## AIM OF THE EXERCISE
The whole listing, exactly as given: write it out, leaving out each image.

## RECORDED INFORMATION
■ ■ ■ ■ ■ ■ ■

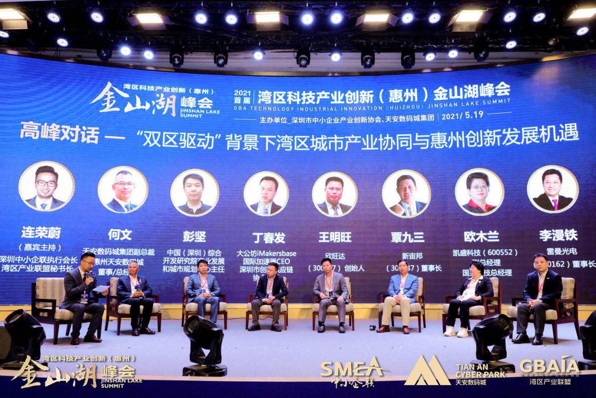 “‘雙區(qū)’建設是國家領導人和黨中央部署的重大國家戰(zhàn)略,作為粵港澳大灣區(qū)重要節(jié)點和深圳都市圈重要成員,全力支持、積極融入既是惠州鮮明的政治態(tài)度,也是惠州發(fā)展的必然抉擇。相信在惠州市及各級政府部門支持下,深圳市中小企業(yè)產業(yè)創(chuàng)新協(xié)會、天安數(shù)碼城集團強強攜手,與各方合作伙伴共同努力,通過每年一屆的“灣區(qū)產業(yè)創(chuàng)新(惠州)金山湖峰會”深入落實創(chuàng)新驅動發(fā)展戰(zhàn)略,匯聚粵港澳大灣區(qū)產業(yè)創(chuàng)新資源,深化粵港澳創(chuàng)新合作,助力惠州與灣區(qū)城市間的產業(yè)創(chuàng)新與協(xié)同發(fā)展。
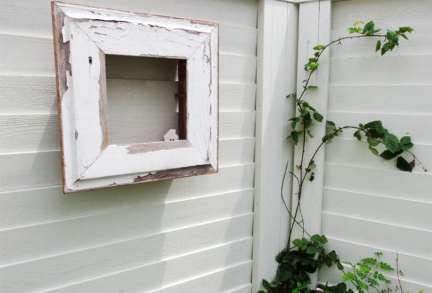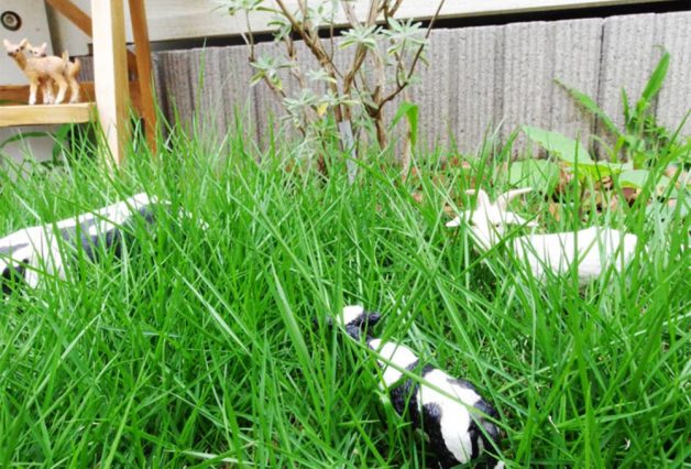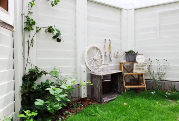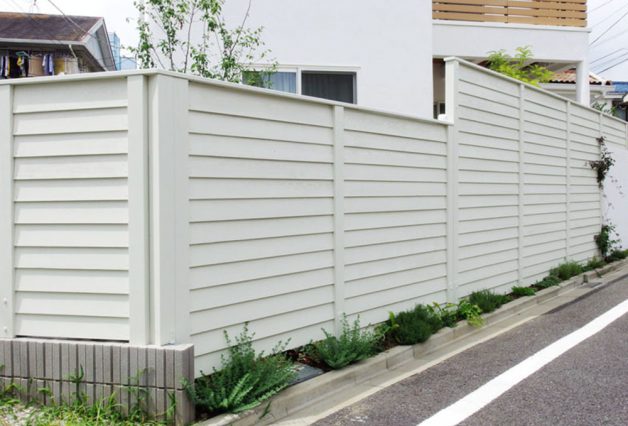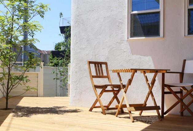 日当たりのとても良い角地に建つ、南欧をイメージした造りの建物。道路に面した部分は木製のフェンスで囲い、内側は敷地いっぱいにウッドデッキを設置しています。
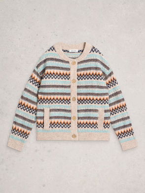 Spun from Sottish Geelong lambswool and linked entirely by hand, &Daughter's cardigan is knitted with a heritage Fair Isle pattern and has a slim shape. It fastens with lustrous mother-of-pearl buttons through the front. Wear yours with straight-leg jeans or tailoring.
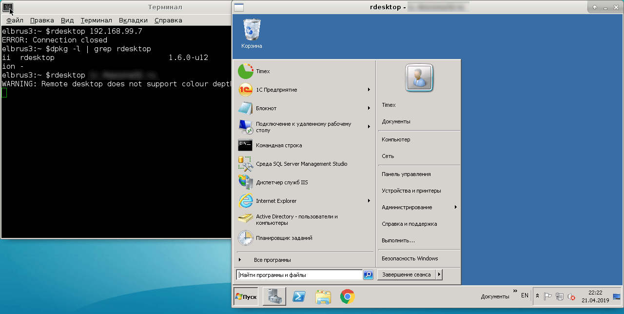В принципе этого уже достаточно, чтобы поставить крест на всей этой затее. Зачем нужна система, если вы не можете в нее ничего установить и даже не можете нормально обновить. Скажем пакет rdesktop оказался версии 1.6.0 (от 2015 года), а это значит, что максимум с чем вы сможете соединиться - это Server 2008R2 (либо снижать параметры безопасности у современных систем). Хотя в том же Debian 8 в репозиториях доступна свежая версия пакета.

■ ■ ■ ■ ■ ■ ■

## YOUR RESPONSE
 “‘雙區(qū)’建設是國家領導人和黨中央部署的重大國家戰(zhàn)略,作為粵港澳大灣區(qū)重要節(jié)點和深圳都市圈重要成員,全力支持、積極融入既是惠州鮮明的政治態(tài)度,也是惠州發(fā)展的必然抉擇。相信在惠州市及各級政府部門支持下,深圳市中小企業(yè)產業(yè)創(chuàng)新協(xié)會、天安數(shù)碼城集團強強攜手,與各方合作伙伴共同努力,通過每年一屆的“灣區(qū)產業(yè)創(chuàng)新(惠州)金山湖峰會”深入落實創(chuàng)新驅動發(fā)展戰(zhàn)略,匯聚粵港澳大灣區(qū)產業(yè)創(chuàng)新資源,深化粵港澳創(chuàng)新合作,助力惠州與灣區(qū)城市間的產業(yè)創(chuàng)新與協(xié)同發(fā)展。
 日当たりのとても良い角地に建つ、南欧をイメージした造りの建物。道路に面した部分は木製のフェンスで囲い、内側は敷地いっぱいにウッドデッキを設置しています。
 Spun from Sottish Geelong lambswool and linked entirely by hand, &Daughter's cardigan is knitted with a heritage Fair Isle pattern and has a slim shape. It fastens with lustrous mother-of-pearl buttons through the front. Wear yours with straight-leg jeans or tailoring.
В принципе этого уже достаточно, чтобы поставить крест на всей этой затее. Зачем нужна система, если вы не можете в нее ничего установить и даже не можете нормально обновить. Скажем пакет rdesktop оказался версии 1.6.0 (от 2015 года), а это значит, что максимум с чем вы сможете соединиться - это Server 2008R2 (либо снижать параметры безопасности у современных систем). Хотя в том же Debian 8 в репозиториях доступна свежая версия пакета.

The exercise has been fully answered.